According to the report of the American media NBC, the researchers of the Norwegian University of Science and Technology (NTNU) recorded the brain activity of 36 students in the study. Studies have shown that people can improve their learning ability as well as their memory by writing by hand.

In the study, students were instructed to write words on the screen of the experimental device using a digital pen and type the same words using the keyboard. After various words such as ‘forest’ or ‘hedgehog’ appear on their screen, they have 25 seconds to write and type them multiple times. At this time, a sensor cap is put on the head of the students. This cap was measuring the brain waves of the students. 256 electrodes in the cap are attached to the students’ scalp, recording electrical signals from their brains. Through this, it can be seen how different brain cells of the students are activated and how different parts of the brain communicate with each other.

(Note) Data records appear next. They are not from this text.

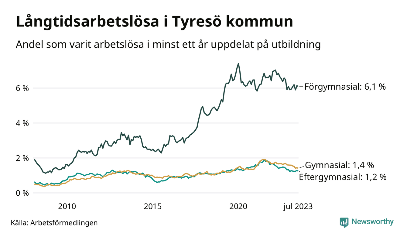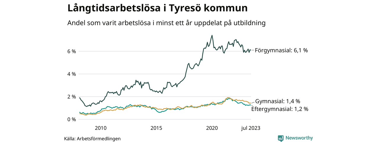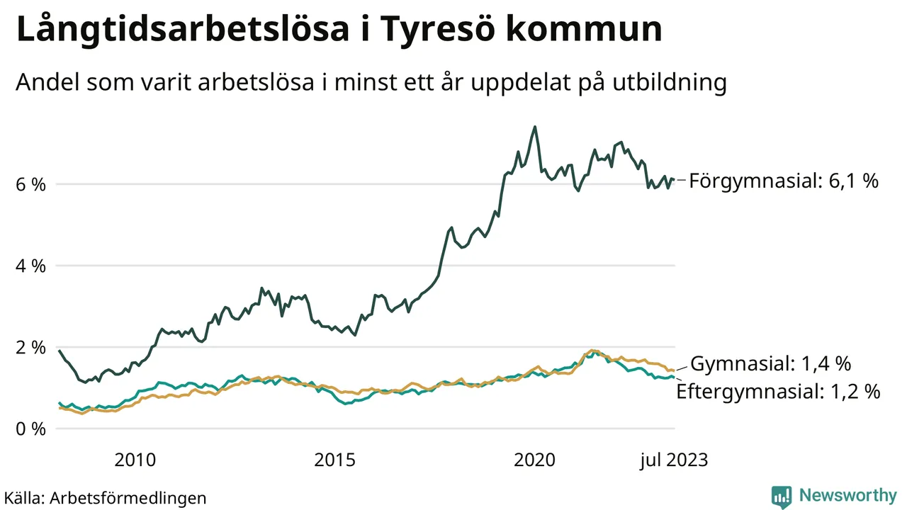Andelen som varit utan arbete i minst ett år i Tyresö var lägre i juli jämfört med samma månad för ett år sedan. Det visar Arbetsfömedlingens senaste månadsstatistik.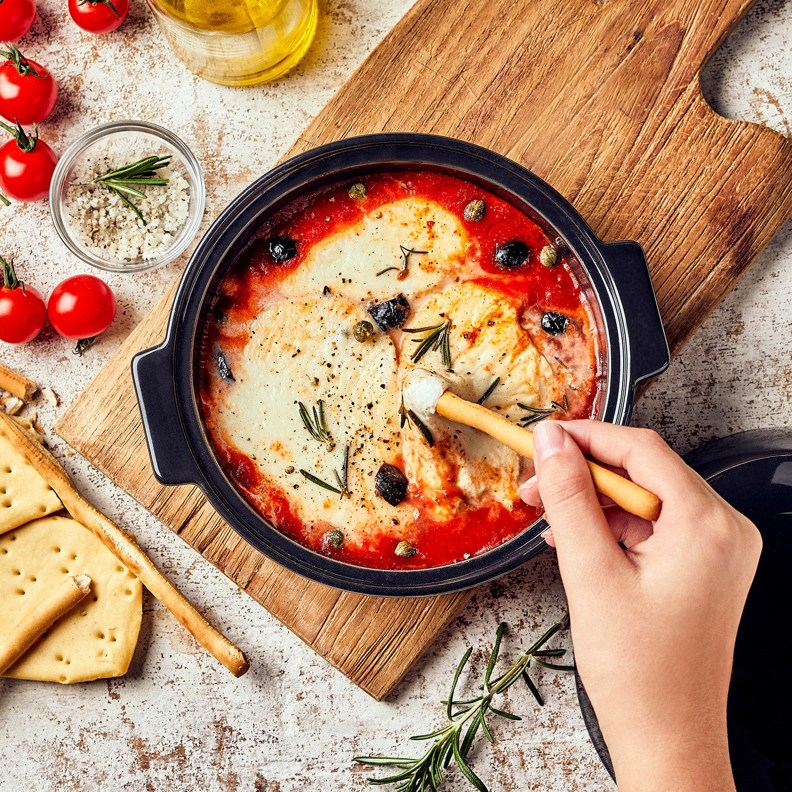 Whether it is brie, mozzarella or goat cheese; simply place the cheese in the baker, add sweet or savory garnish, close the lid and put in the oven. Once baked, serve directly in the baker.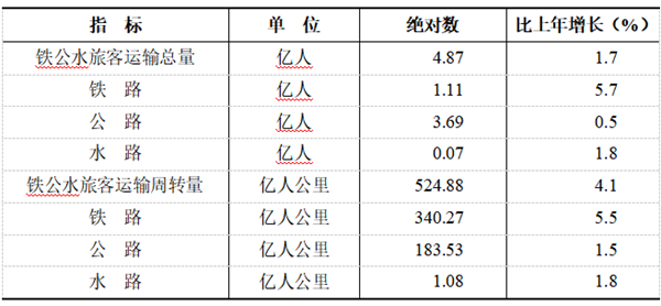 全年铁路、公路、水路旅客运输总量4.87亿人,比上年增长1.7%。旅客运输周转量524.88亿人公里,增长4.1%。民用航空旅客吞吐量7589.87万人,增长6.2%。

Audrey van der Meer, co-author of the study and professor of neuropsychology at NTNU, said: ‘Our key finding in the study is that almost the entire brain was active in handwriting. Compared to that, it was very low in typing. Typing requires less communication between the visual and motor cortices of the brain.’

Earlier, another study by Professor Audrey van der Meer on children and young people similarly showed that the human brain is more active when writing by hand than when typing. In 2017, research from Indiana University in the US indicated that there may be a link between the skills of the visual and motor cortices of the brain during handwriting. But there have been mixed results so far on whether taking notes on paper or typing on a laptop can help students better remember, understand, or perform on exams.

Recent studies have shown that when students write by hand, connections between the frontal lobes of the brain and the temporal lobes of the brain, which are related to memory, are made. The report notes that future research may provide more information about what participants remember from handwritten and typed content.